Grindelwald believes in establishing a hierarchy where magical people rule over the Muggle population of the world and labels those who oppose these mistaken ideals as “cowards.” The element that makes this quote truly malicious, however, is his glorification of world domination, as it states how Grimmon’s devotion to such a vile purpose will see his name “written in glory.”
âYou can’t teach, Credence. Your mother is dead, it’s your reward. I am done with you. “
Grindelwald’s obsession with Credence is a major narrative focus throughout Fantastic beasts, with the second film revealing that Credence is linked to Dumbledore (although many fans believe that may not be true). The first film sees Grindelwald act as a mentor to the struggling young man, while posing as Percival Graves, before he cruelly turns on him for his alleged lack of magical ability.
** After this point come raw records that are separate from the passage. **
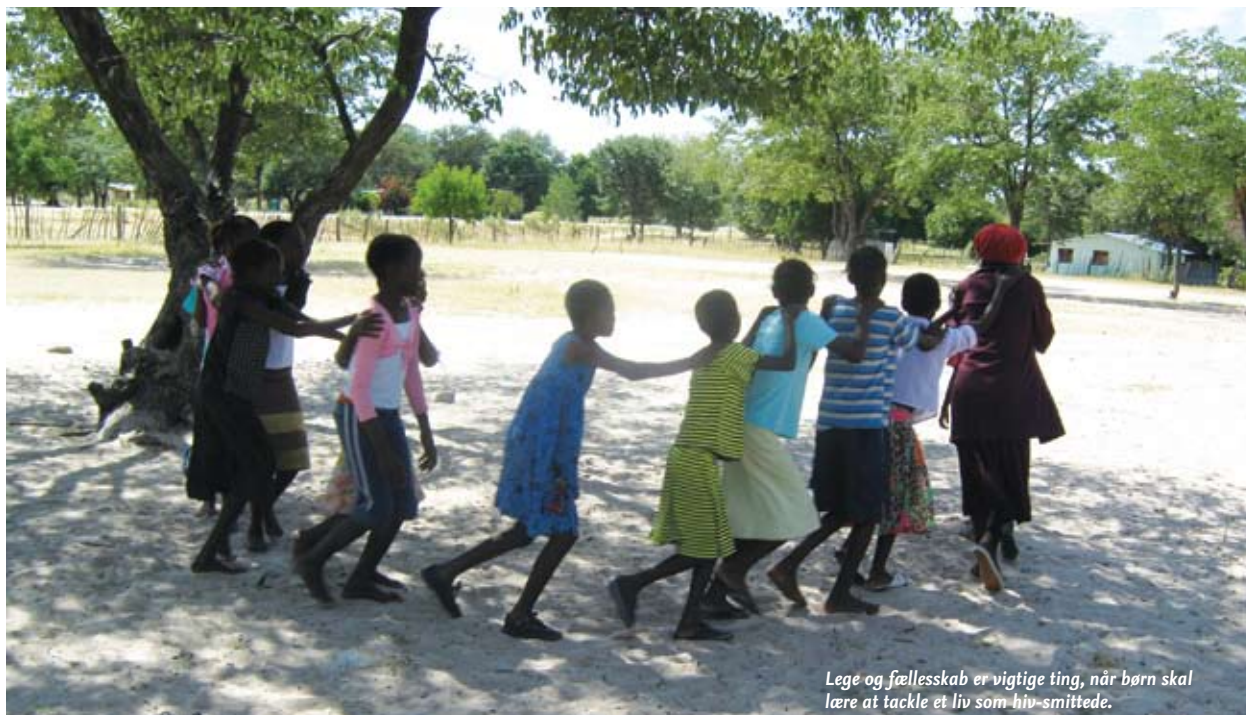
Lege og fællesskab er vigtige ting, når børn skal lære at tackle et liv som hiv-smittede.

I mellemtiden er ligesindede organisationer i andre afrikanske lande blevet interesserede i at anvende inside-out-tilgangen, så Positive Vibes arbejde i dag udbredes til blandt andet Mozambique, Sydafrika, Kenya og Zambia.
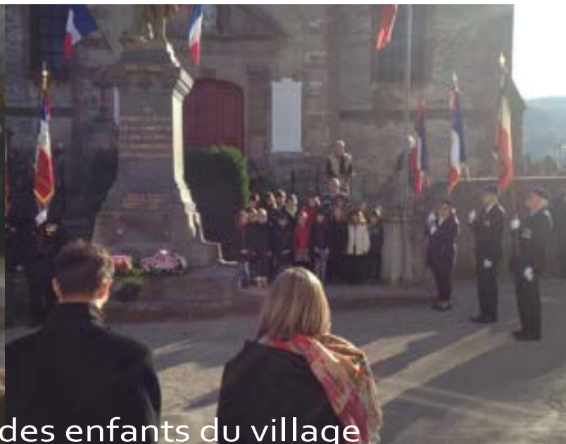
11 novembre: participation des enfants du village
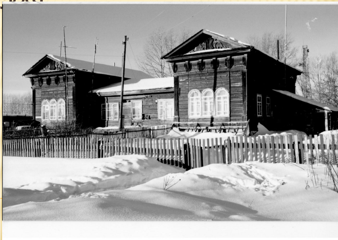
Снимок сделан в 2003 году. (Ф.1Ф. Оп.1.Д.10)

Grindelwald seems somewhat unfriendly towards Credence. Not only does he call the struggling young adult “impossible to teach”, but he also calls his mother’s death a “reward”. This piece of dialogue introduces audiences to Grindelwald’s lack of empathy for those he sees as unnecessary, making it one of his most despicable lines.
âThis is what we are fighting! It is the enemy: their arrogance, their thirst for power, their barbarism. How long will it be before they turn their guns on us?
Grindelwald’s powers know no bounds, with the wizard being able to harness all manner of magical abilities. One of his most impressive skills can be seen in The Crimes of Grindelwald, when he uses his hookah skull to project a vision of the future. This scene occurs during the Paris gathering of Grindelwald, as it evokes images from WWII.
Grindelwald’s words that accompany this vision deliver a negative slant towards No-Majs. The wizard uses the gruesome images of the coming conflict to manipulate the wizarding community against them, portraying Muggles as a threat to their society, in a quote motivated by evil intent.